Assignment:
In the listing below, start your output at the line with "안녕하세요^^ 성인발레전문 아르떼발레" and end it after the line with "Back Kunstforeningen Diverse", copying every line exactly.

Provided data:
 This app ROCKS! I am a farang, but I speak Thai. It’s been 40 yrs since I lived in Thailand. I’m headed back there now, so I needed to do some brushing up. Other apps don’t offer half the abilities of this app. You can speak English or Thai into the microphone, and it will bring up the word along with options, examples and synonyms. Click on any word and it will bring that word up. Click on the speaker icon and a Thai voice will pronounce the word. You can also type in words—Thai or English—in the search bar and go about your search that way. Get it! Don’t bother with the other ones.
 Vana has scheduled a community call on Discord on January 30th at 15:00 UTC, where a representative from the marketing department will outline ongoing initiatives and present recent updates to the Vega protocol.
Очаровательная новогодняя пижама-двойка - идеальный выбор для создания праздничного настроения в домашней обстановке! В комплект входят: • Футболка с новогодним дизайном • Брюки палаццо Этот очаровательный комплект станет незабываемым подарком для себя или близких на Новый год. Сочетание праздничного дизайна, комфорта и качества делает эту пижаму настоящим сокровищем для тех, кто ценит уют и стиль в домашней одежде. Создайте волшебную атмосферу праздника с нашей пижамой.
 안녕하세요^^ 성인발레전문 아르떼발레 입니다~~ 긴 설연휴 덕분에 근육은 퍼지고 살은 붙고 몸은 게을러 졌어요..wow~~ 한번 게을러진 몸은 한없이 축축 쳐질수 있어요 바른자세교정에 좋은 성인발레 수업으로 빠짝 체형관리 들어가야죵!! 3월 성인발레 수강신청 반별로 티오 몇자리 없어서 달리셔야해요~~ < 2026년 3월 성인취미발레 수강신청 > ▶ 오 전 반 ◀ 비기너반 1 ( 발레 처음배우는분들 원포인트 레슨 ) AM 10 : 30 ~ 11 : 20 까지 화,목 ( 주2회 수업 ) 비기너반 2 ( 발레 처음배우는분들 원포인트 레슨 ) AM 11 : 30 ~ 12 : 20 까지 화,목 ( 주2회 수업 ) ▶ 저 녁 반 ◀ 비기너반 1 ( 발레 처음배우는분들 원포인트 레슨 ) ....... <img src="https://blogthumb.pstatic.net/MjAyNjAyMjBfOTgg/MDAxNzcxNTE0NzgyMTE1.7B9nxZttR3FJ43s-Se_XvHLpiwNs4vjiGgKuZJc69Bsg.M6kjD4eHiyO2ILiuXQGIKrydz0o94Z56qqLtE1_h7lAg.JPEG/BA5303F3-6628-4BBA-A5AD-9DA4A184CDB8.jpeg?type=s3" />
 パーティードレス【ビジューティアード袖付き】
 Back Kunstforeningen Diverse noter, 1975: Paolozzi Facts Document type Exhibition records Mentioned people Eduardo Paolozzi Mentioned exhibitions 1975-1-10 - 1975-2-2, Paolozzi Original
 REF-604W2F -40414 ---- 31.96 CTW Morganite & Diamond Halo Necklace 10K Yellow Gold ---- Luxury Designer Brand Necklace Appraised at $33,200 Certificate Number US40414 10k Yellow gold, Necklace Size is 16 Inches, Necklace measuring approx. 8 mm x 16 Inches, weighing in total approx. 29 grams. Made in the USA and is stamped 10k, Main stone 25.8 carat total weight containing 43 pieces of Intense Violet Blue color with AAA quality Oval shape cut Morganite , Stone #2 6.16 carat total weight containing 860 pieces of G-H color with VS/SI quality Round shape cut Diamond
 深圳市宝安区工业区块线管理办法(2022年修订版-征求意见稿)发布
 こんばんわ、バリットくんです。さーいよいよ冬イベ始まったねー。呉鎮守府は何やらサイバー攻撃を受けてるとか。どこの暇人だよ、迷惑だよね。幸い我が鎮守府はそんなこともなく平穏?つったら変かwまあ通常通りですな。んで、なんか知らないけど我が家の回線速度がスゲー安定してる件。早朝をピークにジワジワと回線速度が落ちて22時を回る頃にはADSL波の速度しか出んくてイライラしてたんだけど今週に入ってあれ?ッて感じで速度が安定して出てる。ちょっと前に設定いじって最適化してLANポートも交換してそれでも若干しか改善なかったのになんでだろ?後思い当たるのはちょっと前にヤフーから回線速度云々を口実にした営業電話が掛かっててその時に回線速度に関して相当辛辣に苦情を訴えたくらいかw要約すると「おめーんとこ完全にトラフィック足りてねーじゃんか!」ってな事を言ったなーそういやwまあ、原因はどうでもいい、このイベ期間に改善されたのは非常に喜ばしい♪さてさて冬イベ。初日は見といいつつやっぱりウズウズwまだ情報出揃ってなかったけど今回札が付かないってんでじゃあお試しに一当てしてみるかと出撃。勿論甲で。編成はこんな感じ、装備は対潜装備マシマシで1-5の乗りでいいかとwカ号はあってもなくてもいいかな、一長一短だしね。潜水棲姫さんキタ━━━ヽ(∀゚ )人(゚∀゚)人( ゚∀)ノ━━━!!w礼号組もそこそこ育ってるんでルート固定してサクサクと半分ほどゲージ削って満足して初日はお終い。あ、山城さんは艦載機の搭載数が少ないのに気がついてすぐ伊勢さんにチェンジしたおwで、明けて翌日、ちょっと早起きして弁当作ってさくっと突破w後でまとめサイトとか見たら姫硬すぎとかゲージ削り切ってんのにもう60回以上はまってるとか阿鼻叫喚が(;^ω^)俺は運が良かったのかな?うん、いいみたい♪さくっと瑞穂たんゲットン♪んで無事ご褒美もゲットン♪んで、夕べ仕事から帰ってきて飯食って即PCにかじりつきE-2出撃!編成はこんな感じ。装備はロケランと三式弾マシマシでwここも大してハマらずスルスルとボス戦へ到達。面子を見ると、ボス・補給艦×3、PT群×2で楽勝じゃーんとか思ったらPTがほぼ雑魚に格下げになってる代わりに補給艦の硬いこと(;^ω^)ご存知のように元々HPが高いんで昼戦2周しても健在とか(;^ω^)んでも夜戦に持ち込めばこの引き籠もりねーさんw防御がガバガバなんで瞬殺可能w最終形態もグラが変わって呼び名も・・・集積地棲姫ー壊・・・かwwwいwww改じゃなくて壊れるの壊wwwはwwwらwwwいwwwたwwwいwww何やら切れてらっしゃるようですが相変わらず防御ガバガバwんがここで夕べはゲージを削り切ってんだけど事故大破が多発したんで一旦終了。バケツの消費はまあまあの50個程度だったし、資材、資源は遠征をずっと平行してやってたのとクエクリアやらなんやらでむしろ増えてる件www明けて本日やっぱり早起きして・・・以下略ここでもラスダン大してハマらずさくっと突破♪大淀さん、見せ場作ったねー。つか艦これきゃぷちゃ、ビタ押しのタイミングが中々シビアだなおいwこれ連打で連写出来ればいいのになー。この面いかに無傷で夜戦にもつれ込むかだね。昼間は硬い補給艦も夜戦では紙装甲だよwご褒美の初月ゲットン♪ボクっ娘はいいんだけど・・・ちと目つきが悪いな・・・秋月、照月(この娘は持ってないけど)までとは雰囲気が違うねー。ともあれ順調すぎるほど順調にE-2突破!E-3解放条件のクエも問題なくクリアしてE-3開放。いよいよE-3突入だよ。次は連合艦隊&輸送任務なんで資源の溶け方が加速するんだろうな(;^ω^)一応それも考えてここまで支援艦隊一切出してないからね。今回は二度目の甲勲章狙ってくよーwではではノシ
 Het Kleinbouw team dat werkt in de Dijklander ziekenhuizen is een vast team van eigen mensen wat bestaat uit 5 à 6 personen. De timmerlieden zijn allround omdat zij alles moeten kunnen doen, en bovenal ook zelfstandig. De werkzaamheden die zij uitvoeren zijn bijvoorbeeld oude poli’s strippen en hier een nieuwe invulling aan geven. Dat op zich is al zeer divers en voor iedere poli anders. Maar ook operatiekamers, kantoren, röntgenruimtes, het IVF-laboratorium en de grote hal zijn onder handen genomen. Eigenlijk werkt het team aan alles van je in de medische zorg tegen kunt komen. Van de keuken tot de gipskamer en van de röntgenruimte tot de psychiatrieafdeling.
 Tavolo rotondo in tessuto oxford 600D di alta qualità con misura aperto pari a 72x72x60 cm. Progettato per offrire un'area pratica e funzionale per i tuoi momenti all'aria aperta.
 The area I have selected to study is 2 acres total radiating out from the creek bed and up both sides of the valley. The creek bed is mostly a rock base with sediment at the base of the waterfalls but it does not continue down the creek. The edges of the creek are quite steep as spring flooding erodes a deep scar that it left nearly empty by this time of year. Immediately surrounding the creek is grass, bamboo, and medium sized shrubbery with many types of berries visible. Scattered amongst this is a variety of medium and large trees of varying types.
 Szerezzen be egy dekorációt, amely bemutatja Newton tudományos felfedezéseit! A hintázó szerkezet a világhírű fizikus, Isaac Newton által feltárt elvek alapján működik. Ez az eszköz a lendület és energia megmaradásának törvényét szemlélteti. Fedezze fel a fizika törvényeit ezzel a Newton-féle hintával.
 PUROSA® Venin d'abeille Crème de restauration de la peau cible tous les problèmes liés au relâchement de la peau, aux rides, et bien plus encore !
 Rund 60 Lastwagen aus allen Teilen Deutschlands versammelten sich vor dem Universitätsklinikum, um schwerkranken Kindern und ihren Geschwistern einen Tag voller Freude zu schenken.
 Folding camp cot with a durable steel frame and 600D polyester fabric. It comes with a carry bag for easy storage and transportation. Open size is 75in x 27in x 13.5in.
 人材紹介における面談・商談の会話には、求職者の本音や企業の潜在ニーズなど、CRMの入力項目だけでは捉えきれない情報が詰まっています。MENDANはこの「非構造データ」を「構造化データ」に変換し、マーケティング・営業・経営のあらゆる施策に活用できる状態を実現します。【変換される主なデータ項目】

Result for this exercise:
 안녕하세요^^ 성인발레전문 아르떼발레 입니다~~ 긴 설연휴 덕분에 근육은 퍼지고 살은 붙고 몸은 게을러 졌어요..wow~~ 한번 게을러진 몸은 한없이 축축 쳐질수 있어요 바른자세교정에 좋은 성인발레 수업으로 빠짝 체형관리 들어가야죵!! 3월 성인발레 수강신청 반별로 티오 몇자리 없어서 달리셔야해요~~ < 2026년 3월 성인취미발레 수강신청 > ▶ 오 전 반 ◀ 비기너반 1 ( 발레 처음배우는분들 원포인트 레슨 ) AM 10 : 30 ~ 11 : 20 까지 화,목 ( 주2회 수업 ) 비기너반 2 ( 발레 처음배우는분들 원포인트 레슨 ) AM 11 : 30 ~ 12 : 20 까지 화,목 ( 주2회 수업 ) ▶ 저 녁 반 ◀ 비기너반 1 ( 발레 처음배우는분들 원포인트 레슨 ) ....... <img src="https://blogthumb.pstatic.net/MjAyNjAyMjBfOTgg/MDAxNzcxNTE0NzgyMTE1.7B9nxZttR3FJ43s-Se_XvHLpiwNs4vjiGgKuZJc69Bsg.M6kjD4eHiyO2ILiuXQGIKrydz0o94Z56qqLtE1_h7lAg.JPEG/BA5303F3-6628-4BBA-A5AD-9DA4A184CDB8.jpeg?type=s3" />
 パーティードレス【ビジューティアード袖付き】
 Back Kunstforeningen Diverse noter, 1975: Paolozzi Facts Document type Exhibition records Mentioned people Eduardo Paolozzi Mentioned exhibitions 1975-1-10 - 1975-2-2, Paolozzi Original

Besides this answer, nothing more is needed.